Your instructions: Under this line is a listing; return exactly the lines starting at the one with "Wianek wykonany ze" and running down to the one with "骆驼女鞋2025冬季新款厚底显高休闲加绒烟筒靴切尔西靴子马丁靴女", and leave out its pictures.

====== Source information

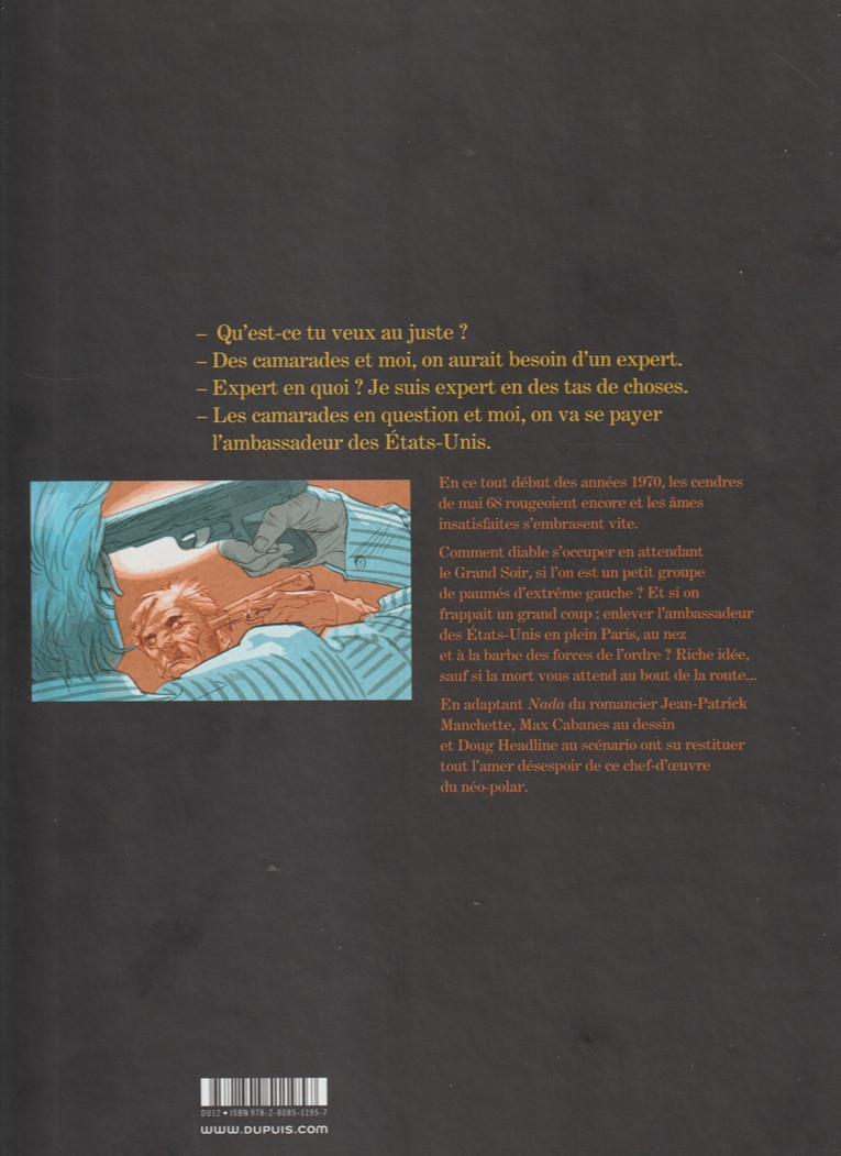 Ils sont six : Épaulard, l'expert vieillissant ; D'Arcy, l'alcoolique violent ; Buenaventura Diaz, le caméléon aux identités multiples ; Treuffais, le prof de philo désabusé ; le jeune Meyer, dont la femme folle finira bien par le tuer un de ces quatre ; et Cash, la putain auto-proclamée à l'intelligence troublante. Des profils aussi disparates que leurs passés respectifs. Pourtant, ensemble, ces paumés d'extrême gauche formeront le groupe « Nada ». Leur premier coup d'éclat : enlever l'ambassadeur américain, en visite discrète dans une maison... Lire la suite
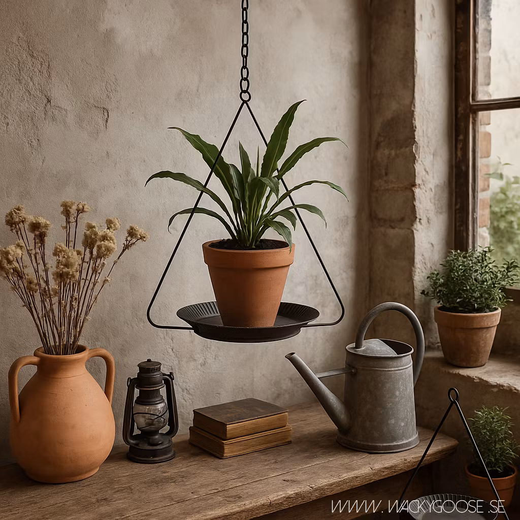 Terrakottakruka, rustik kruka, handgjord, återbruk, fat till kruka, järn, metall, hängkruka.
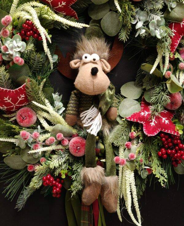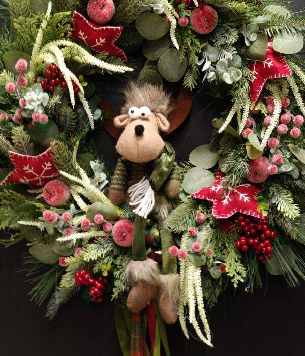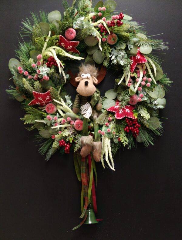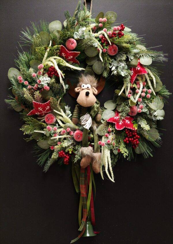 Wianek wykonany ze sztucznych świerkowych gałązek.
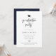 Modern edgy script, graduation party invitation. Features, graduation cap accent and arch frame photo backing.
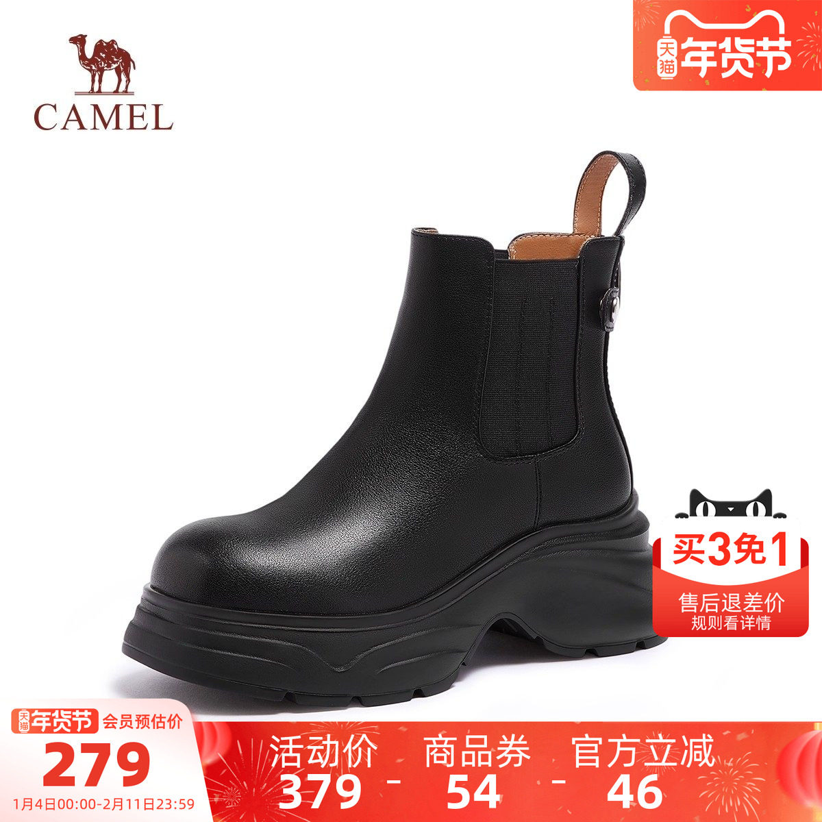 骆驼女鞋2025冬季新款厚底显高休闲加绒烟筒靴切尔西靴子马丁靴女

============
====== Source information

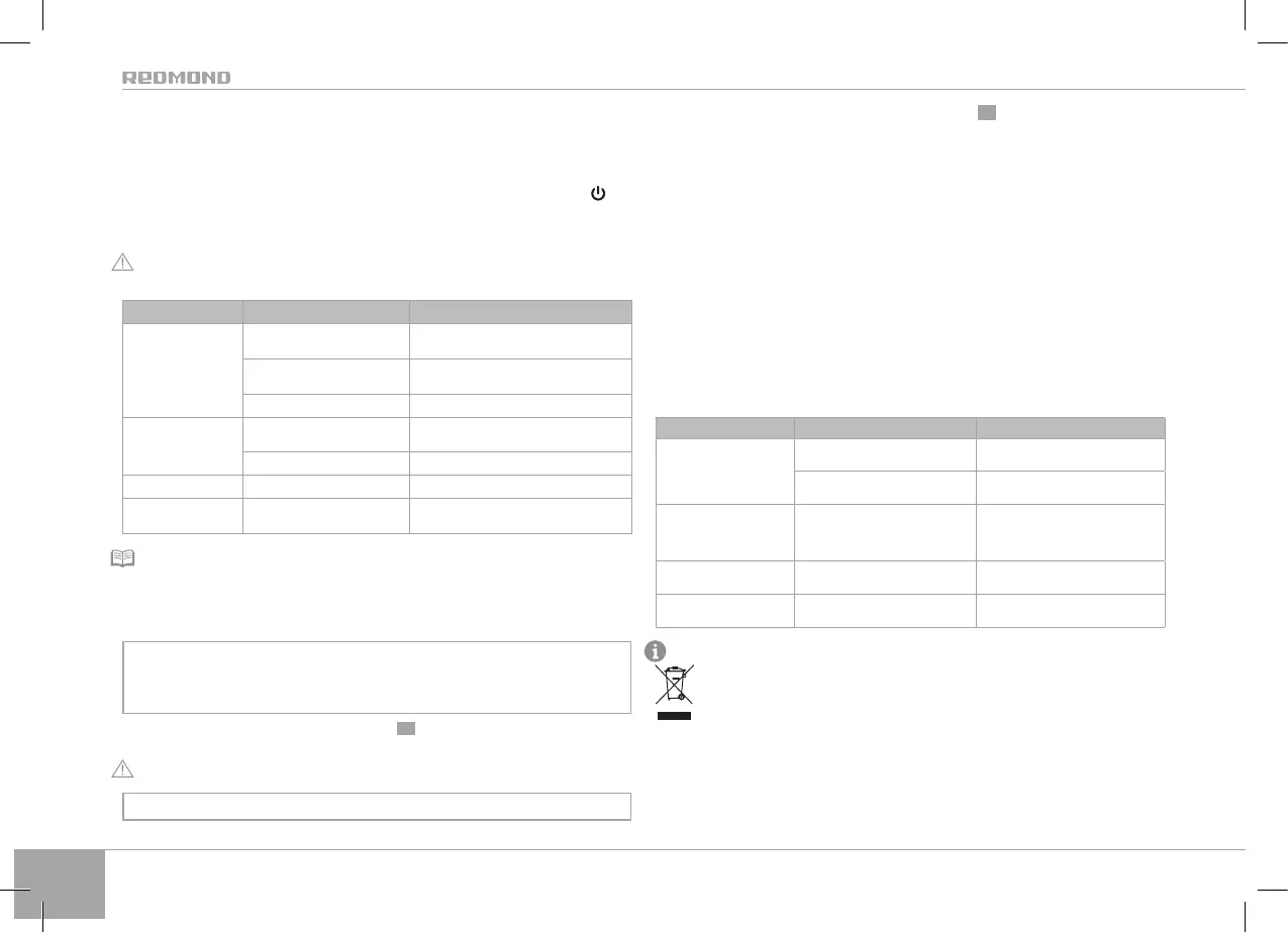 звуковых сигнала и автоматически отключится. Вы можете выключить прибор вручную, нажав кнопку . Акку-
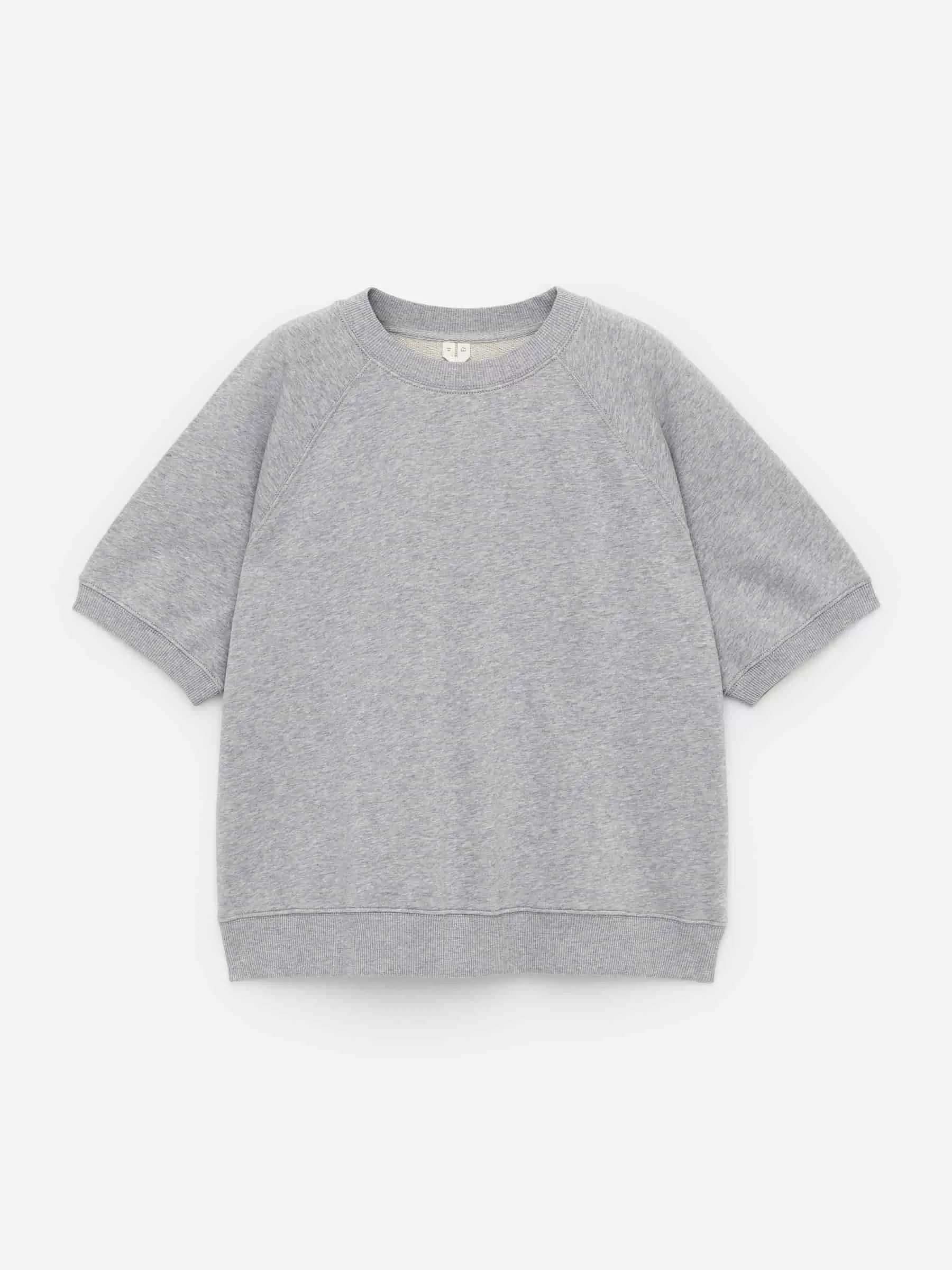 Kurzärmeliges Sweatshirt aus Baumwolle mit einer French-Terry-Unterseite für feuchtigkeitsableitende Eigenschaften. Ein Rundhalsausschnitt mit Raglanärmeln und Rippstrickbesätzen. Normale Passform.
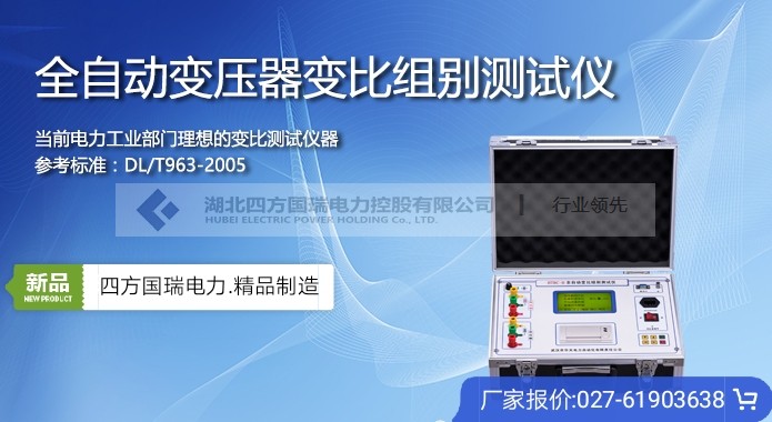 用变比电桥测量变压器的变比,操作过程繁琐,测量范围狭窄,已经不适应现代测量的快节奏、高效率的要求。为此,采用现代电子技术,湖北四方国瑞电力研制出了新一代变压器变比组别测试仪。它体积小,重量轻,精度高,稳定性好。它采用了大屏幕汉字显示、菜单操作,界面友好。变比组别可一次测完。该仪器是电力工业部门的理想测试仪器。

============

Response box:
 Wianek wykonany ze sztucznych świerkowych gałązek.
 Modern edgy script, graduation party invitation. Features, graduation cap accent and arch frame photo backing.
 骆驼女鞋2025冬季新款厚底显高休闲加绒烟筒靴切尔西靴子马丁靴女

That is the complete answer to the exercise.